Dataset extract

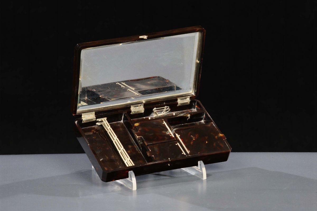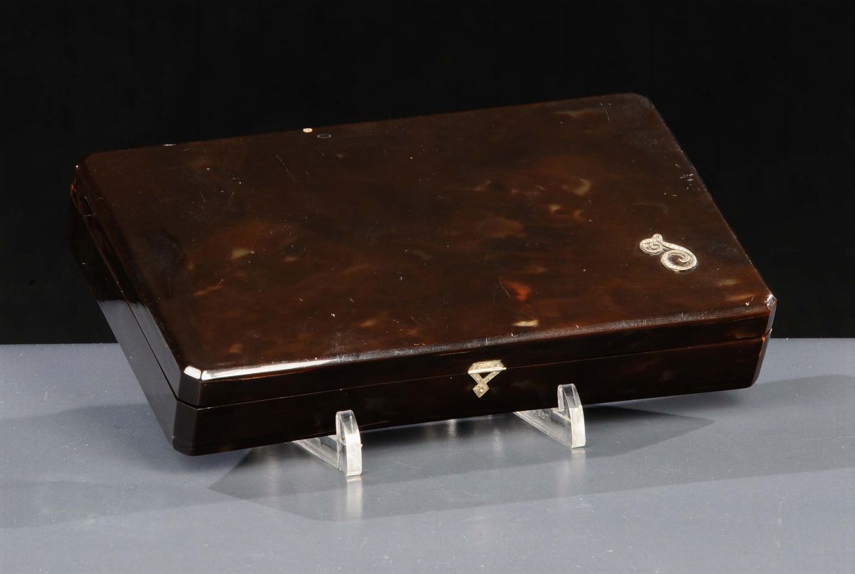 Trousse in tartaruga con iniziali e chiusura in rose di diamanti, Francia 1920
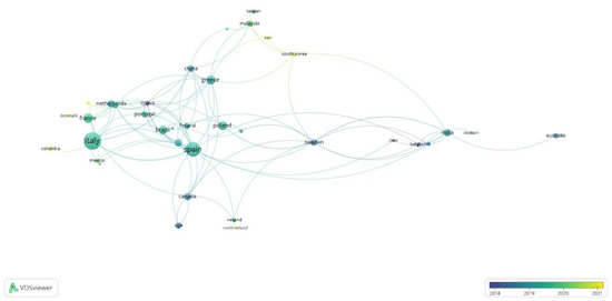 Figure 8 shows the Overlay visualisation of the countries’ co-authorship network. In this representation, the score of the item is represented by the average publication year of the documents. The darker colours (blue) represent the first to be published. A brighter colour (greenish, yellow) means that the country started to publish later.
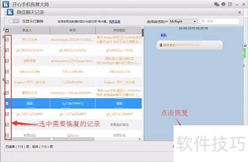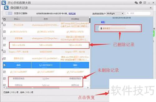 7、 扫描完成后,软件将进入微信聊天记录预览界面,用户可在此查看手机中的全部聊天记录,其中橙色文字表示已删除的内容,黑色文字为尚未删除的记录。
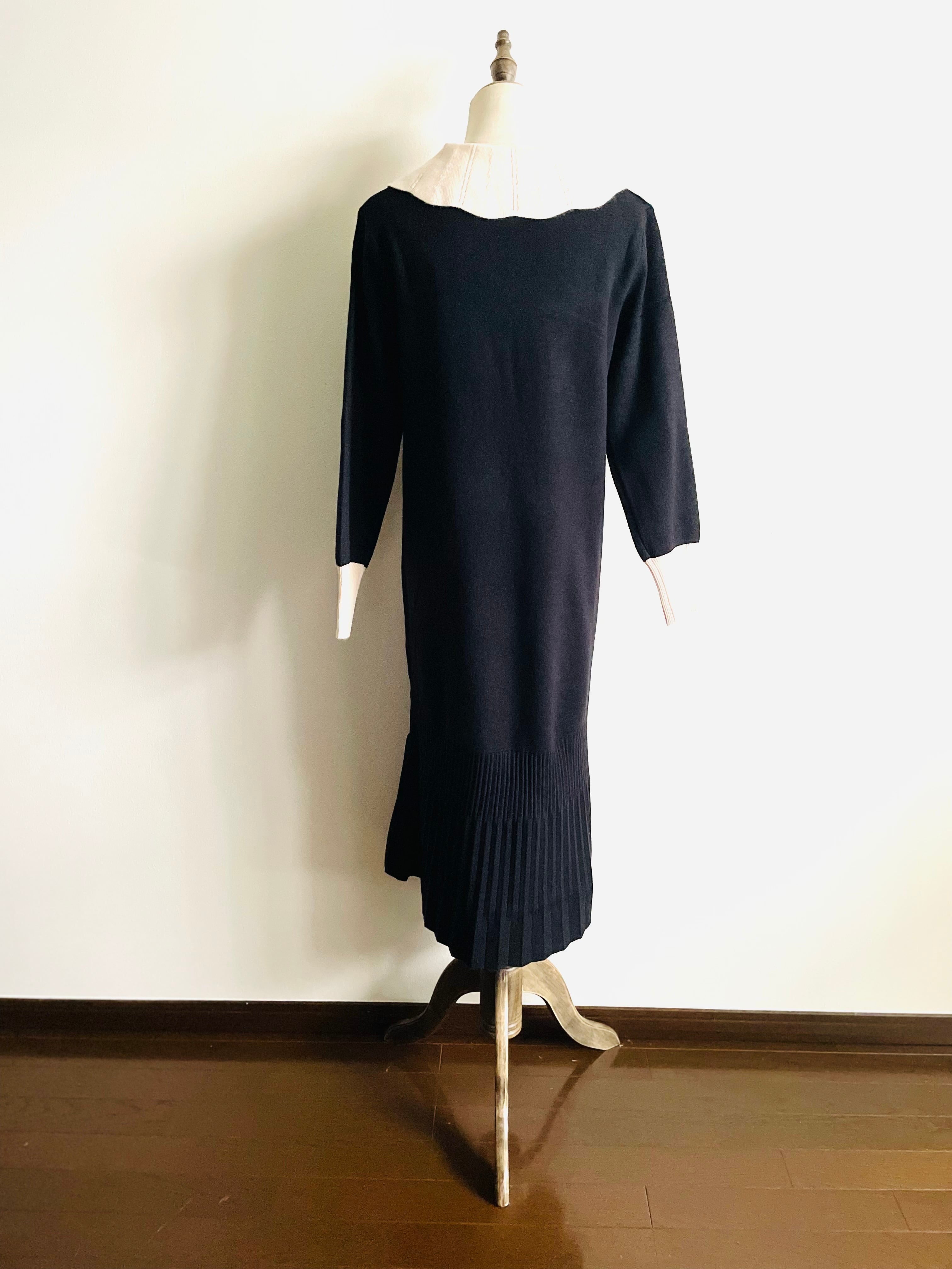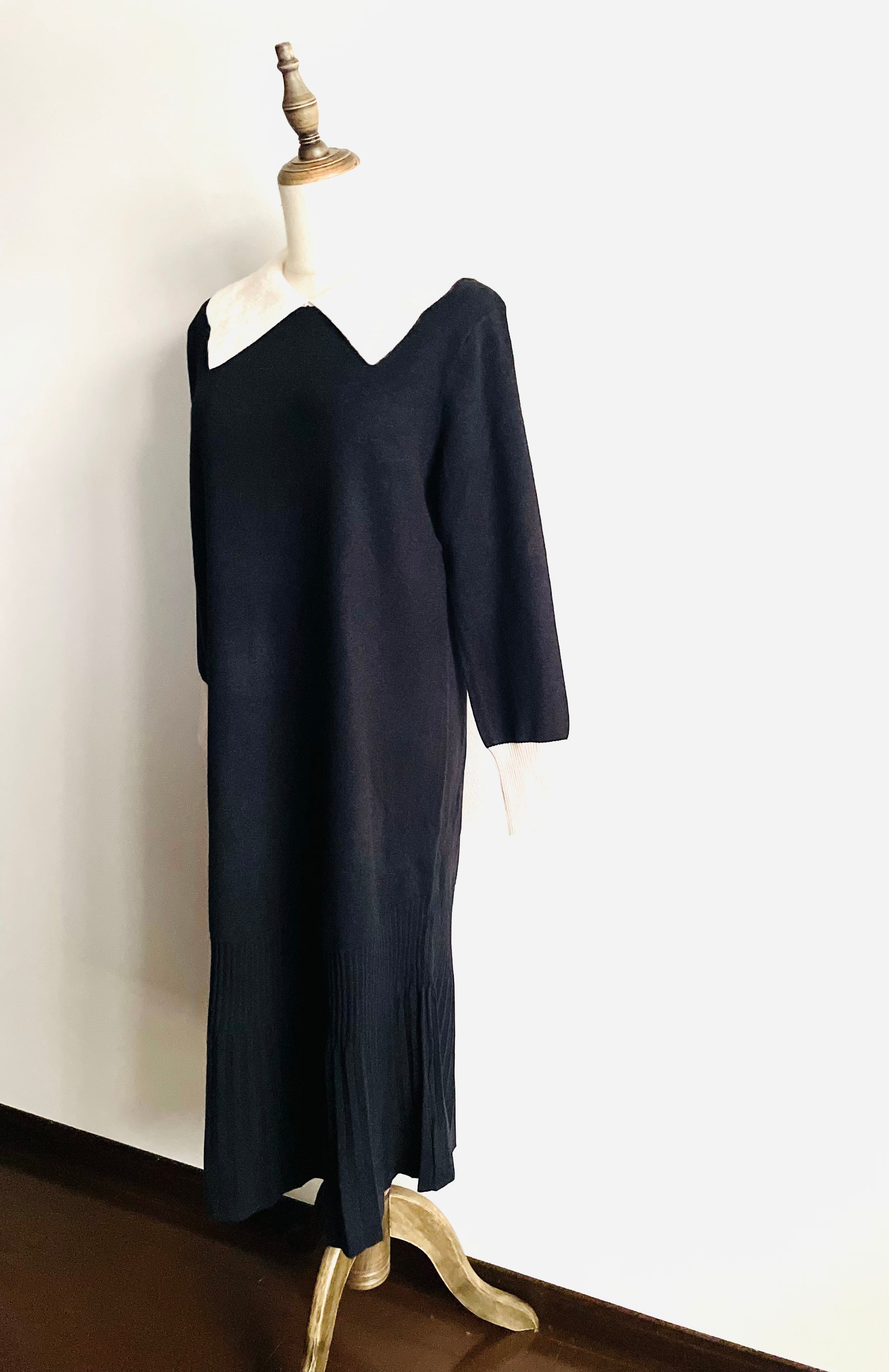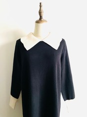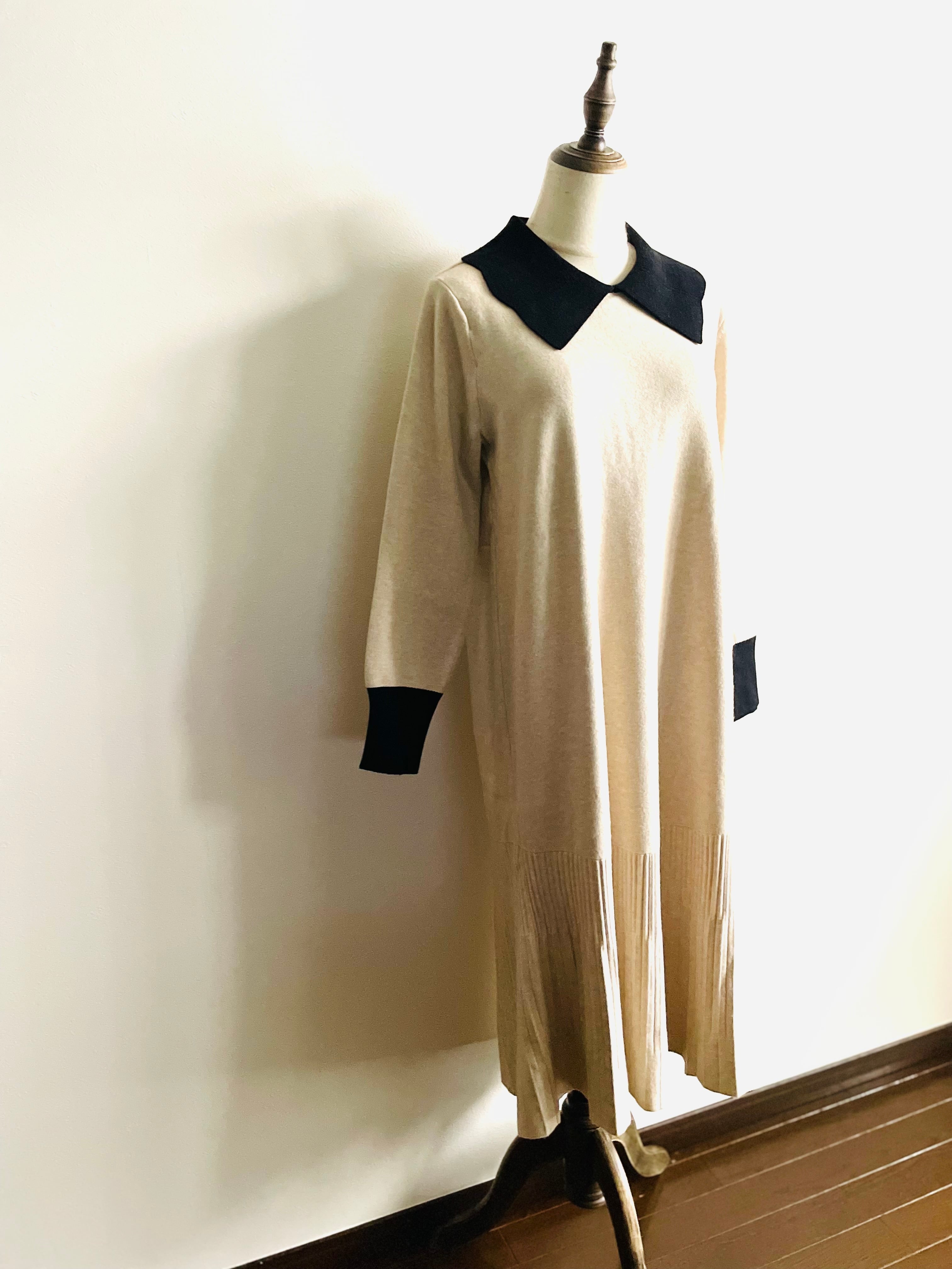 バイカラーの大きな襟と袖が特徴のニットワンピース。

Action item
Once the line with "Figure 8 shows" has been found above, output that line and every later line exactly, stopping after the line with "7、 扫描完成后,软件将进入", and omit the pictures.

Exercise result
 Figure 8 shows the Overlay visualisation of the countries’ co-authorship network. In this representation, the score of the item is represented by the average publication year of the documents. The darker colours (blue) represent the first to be published. A brighter colour (greenish, yellow) means that the country started to publish later.
 7、 扫描完成后,软件将进入微信聊天记录预览界面,用户可在此查看手机中的全部聊天记录,其中橙色文字表示已删除的内容,黑色文字为尚未删除的记录。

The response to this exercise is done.